The point of a website brief or RFP (request for proposal) is to give potential agencies a good understanding of what you need them to consider when quoting to build your website.

You can download a copy of this article in Word format to populate with your own content.

The best RFPs are clear, concise, and to the point. They don’t need to be very long and complicated, and they can include your company personality, style, and tone of voice.

A good agency will be able to work alongside you to develop the brief, discover new opportunities or areas that may not have been considered.

So, it’s good to give them enough information about who you are as a company, but also give them some room to shine and show their expertise and excellence when they come back to you with a proposal.

Below you’ll find a starting point and suggestions to help you write one for yourself.

Things you can include in your RFP:

  1. Summary
  2. Company background
  3. Core objectives
  4. Project scope and deliverables
  5. Sitemap
  6. Timeline & milestones
  7. Functional/technical requirements
  8. Budget
  9. Criteria for selection

1. Summary

This should be a broad outline and a general introduction to the company. It should detail why you’re seeking an agency and what you hope they can do for you.

Example:

We are a performing arts charity based in the heart of Birmingham.

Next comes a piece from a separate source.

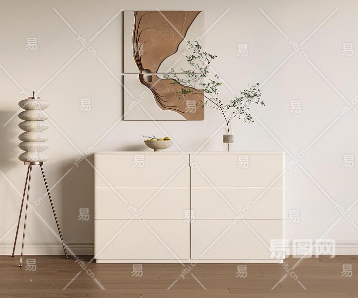 10现代奶油风装饰柜。落地灯,装饰画SU模型

Our mission is to provide high-quality, relevant and inclusive opportunities for people across The Midlands to engage with live events, performers and audiences. Through performances, artist development and participatory work we create opportunities for people to learn about themselves and others, and to understand and shape the world around them.

We are approaching agencies to redesign our current site. We feel it is complicated to use, outdated, and no longer meets our requirements.

The new site should focus on raising awareness around our events and activities, promote ticket sales, encourage donations and help us with data capture.

2. Company background

Use this area to share a short history of the company and outline who your main visitors are.

Example:

Founded in 1944, we have been putting performing arts into the heart of the Midlands ever since. We aim to bring artists, audiences, and communities together so that everyone can find, explore and share extraordinary performances in one of the most vibrant areas of Birmingham.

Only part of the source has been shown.